Despite being flawed, Fifty shades is worth reading from a sex critical perspective, as it offers insights into the way in which society is dividing into safe vs. dangerous practice, with the former loaded with a great deal of implicit approval. The idea of a naïve woman being initiated into bdsm by a more experienced older man is a common trope of this form of sexual literature. Fifty shades represents the female subject as adapting her sexuality to match the demands of her perverse lover, while desiring just a little more affection.

Popular critiques of this book fail to acknowledge that what is written about is not what people do – nor that the likely audience for this work is not necessarily from the bdsm community.

While Alex Dymock argues that “abject” female masochism can be a resistant sort of femininity, the female character of fifty shades does not do this. There is a role for rigorous feminist critique of Fifty Shades – and by heading off into forced dichotomies between sex positive and rad fem,this element is missed.

A message running through the central discourse of Fifty Shades is that non-normative sexuality can be the result of damage: without caliming that this is NEVER the case, it is erroneous to suggest it always is. Meanwhile, the female character at the heart of Fifty Shades in fact seems to have no sexually of her own.

Downing argues that one of the core elements at the heart of the book is that there are significant parallels between marriage and a bdsm contract.
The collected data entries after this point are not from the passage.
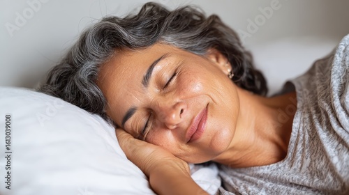 Mature hispanic woman resting peacefully, grey hair spread on pillow, soft smile reflecting tranquil sleep in warm, comfortable bedroom setting
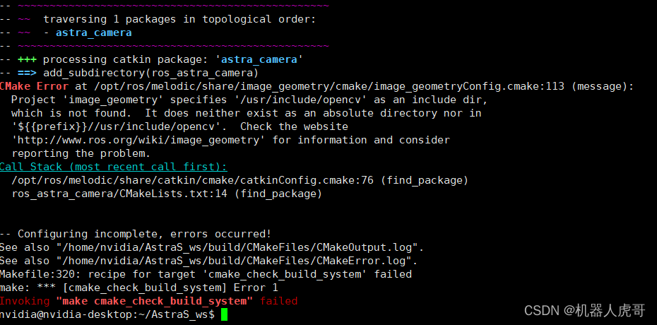 2、CMake Error at /opt/ros/melodic/share/image_geometry/cmake/image_geometryConfig.cmake:113 (message):
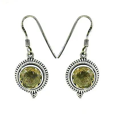 18K Gold Plated Vintage Style 925 Sterling Silver Citrine Drop Earrings with Diamond for Women's Wedding Jewelry
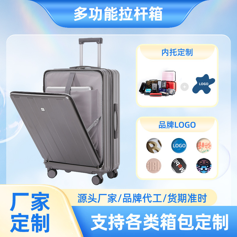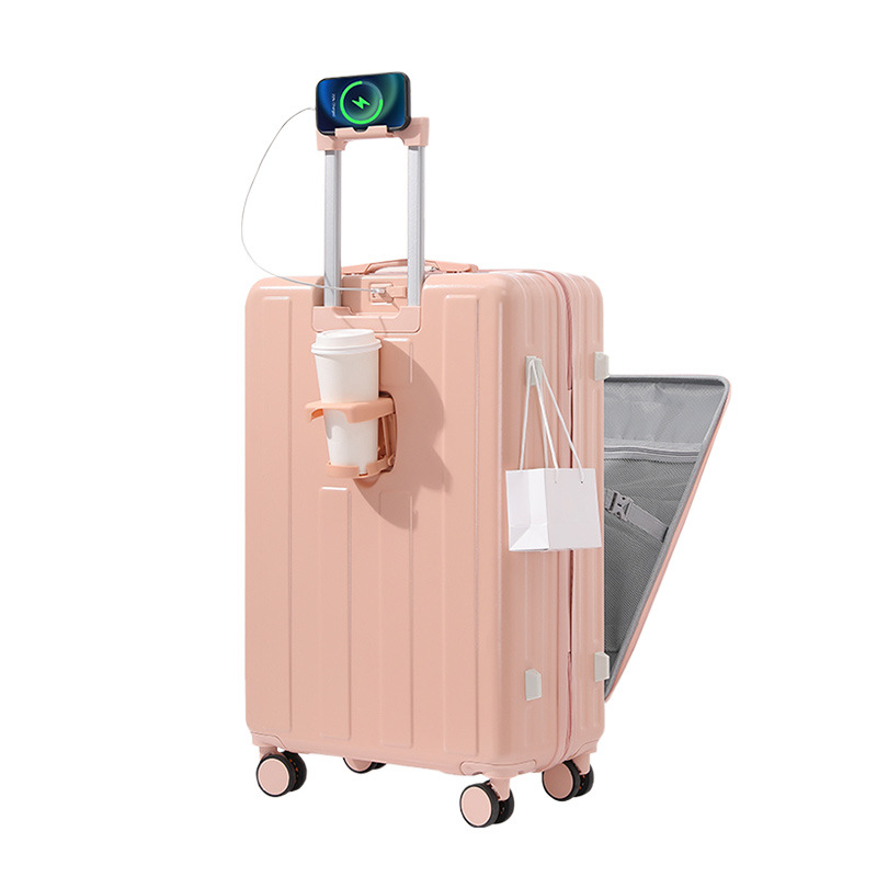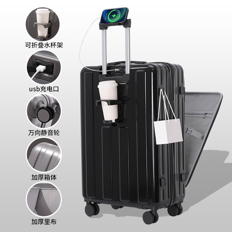 多功能杯架手机支架前开盖行李箱 2024新款24寸万向轮旅行拉杆箱
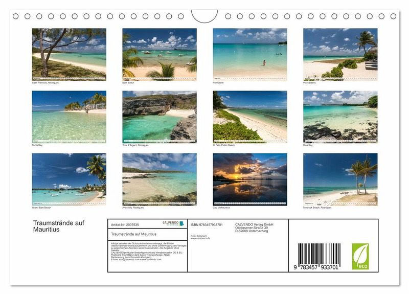 Dieser Kalender vom Reisefotografen Peter Schickert zeigzt zwölf der schönsten Strämde dieses Inselparadieses im Indischen Ozean.
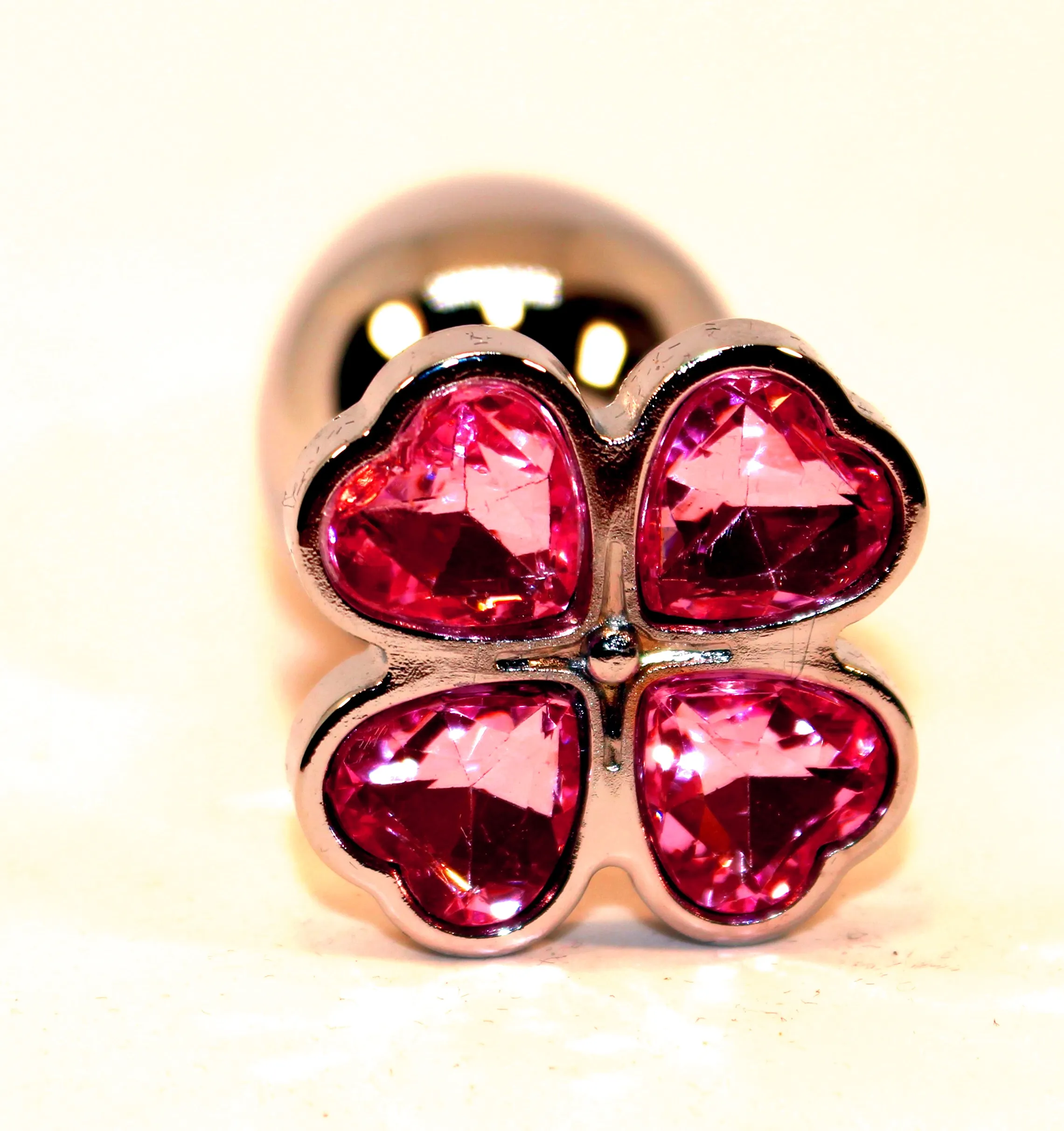 Анальная пробка серебристого цвета с яркими кристаллами в форме сердец внесет разнообразие в вашу интимную жизнь. Обладает сглаженной формой, что позволяет обеспечить легкое введение и комфортное длительное ношение. Снабжена ограничительным основанием для безопасного использования. Характеристики: Общая длина- 7 см, высота основания 1 см, рабочая длина 6 см, наибольший диаметр- 2,5 см., вес 46 гр. Упаковка: индивидуальный тканевый мешочек и коробка.
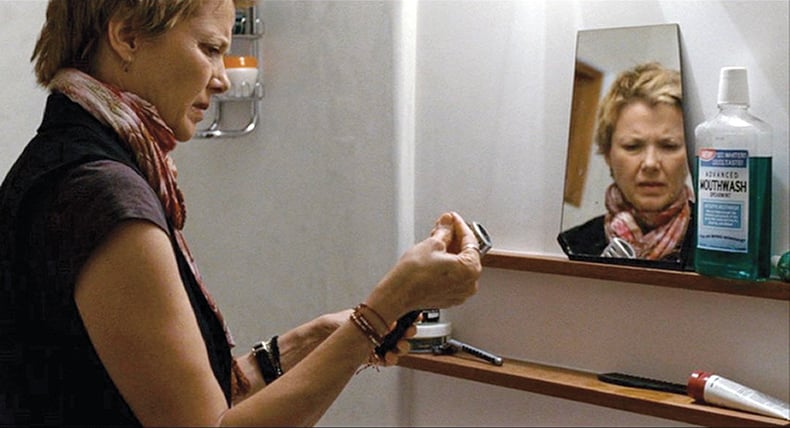 Nic walks in like all is well but then sees a brush on the shelf with red hair like Jules' on it. She looks in the tub and sees that there's red hair in the drain, as well. Now she knows something is not good. We had it handheld because we had to get a lot done and wanted it to be freer and less formal, as if now things are becoming unglued. I think the audience is kind of expecting the discovery without knowing how it's going to happen or when. Maybe they'll have this nice dinner and then it will be revealed at home. We did our best not to reveal, as we called it, the 'red hairing' of the red hair in the bathroom. And I think we buried that pretty well.

Highlighted is the fact that the bdsm contract is unenforceable, and can be broken at any time – whereas the state contract (marriage) is harder to break.

In practice, the real (domestic) violence in the relationship described lies at the heart of the policing of Anastasia’s body and behaviour that Christian engages in *outside* the bedroom, in his marriage, rather than in bdsm.

Kinkphobic readings of the work may fail to acknowledge how greater harm may follow from following cultural imperatives around marriage than from the sexuality involved.

Ideas “safeguarded” in Fifty shades are the heteronormative nature of sexuality, that bdsm practice results from childhood trauma and that the antidote to perversion is the love of a good woman, the conversion-cure of marriage and reproduction.

Far from being the transgressive work it is billed as, a careful, critical reading of Fifty Shades may permit the reader to question BOTH practices highlighted in the book: marriage and bdsm.